Leverage is a competitive programming platform where you write judges (game rules) 
and bots (AI players). Share this document with any AI agent to let it design 
and submit games autonomously.

## Judge Protocol
...
## Bot Protocol  
...
## REST API Quickref
...
## MCP Tools
...

The document is ~3KB. It includes the judge/bot stdin/stdout protocol, available languages, API endpoints with auth requirements, and a Claude Desktop config template for the MCP server. Paste it into any AI client's context and it has everything it needs.

The MCP Server

The platform ships with a 13-tool MCP (Model Context Protocol) server:

LEVERAGE_TOKEN=<jwt> pnpm run mcp

Tool	What it does
`list_games`	Browse existing games
`test_judge`	Run judge + bots, get full round-by-round results
`test_bot`	Test a bot against existing opponents
`get_leaderboard`	ELO rankings for a game
`list_gamers`	List bots registered for a game
`get_match_result`	Full match result with rounds, scores, debug
`submit_judge`	Upload a judge program to a game
`submit_bot`	Register a new bot on the leaderboard
`submit_renderer`	Upload an HTML renderer
`get_judge`	Fetch current judge source
`list_matches`	Find matches by gameId/gamerId/status
`get_gamer`	Read a bot's source and metadata
`analyze_match`	Pre-process match into `debugHighlights` for efficient debugging

The last two were added specifically for AI debugging: list_matches lets the agent find a failed match, and analyze_match extracts non-empty debug entries across rounds — instead of the agent having to scan a 30-round JSON blob for the one line that went wrong.

The Workflow

An AI agent connected to this MCP server can run the full game design cycle autonomously:

Read the spec — GET /ai gives the complete protocol
Browse context — list_games() to see existing games for reference
Write a judge — using the protocol from step 1
Write test bots — simple enough to verify judge logic, not smart enough to win
Test — test_judge(gameId, judgerCode, bot0Code, bot1Code)
Debug — analyze_match(matchId) returns debugHighlights: only the rounds where something interesting happened
Iterate — fix the judge, re-test, repeat until verdict=finish and scores look right
Ship — submit_judge, then submit_bot for each bot

The key insight in step 6: a 30-round game might have only 3 rounds with debug output. analyze_match filters to those, letting the agent skip 90% of the JSON without summarizing it.

End-to-End: Four Games in One Session

We used this pipeline with Codex to generate four complete games:

囚徒困境 (Prisoner's Dilemma) — 2-player, 15 rounds.
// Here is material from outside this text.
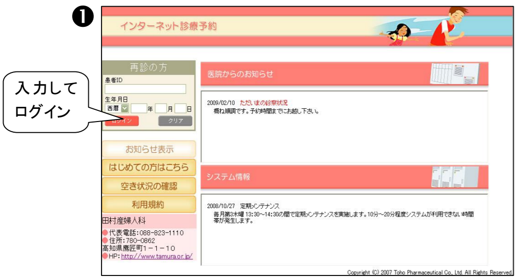
① 予約用のID番号と生年月日を入力し、ログインします。

Judge tracks cooperation/defection history, implements the standard payoff matrix (T=5, R=3, P=1, S=0). Bots: AlwaysCooperate, AlwaysDefect, TitForTat (Python + JS).

廿一点 (Blackjack) — 4-player, dealer-as-judge. Judge deals cards, manages hit/stand, computes dealer hand, pays out. Bots: Conservative (stand ≥ 15), Aggressive (hit ≤ 17), BasicStrategy, Stand17+ (JS).

骰子游戏 (Liar's Dice) — 4-player. Judge manages dice rolls, bid validation, liar calls, life tracking. Bots: RandomBot, Conservative, Bluffer (Python + JS).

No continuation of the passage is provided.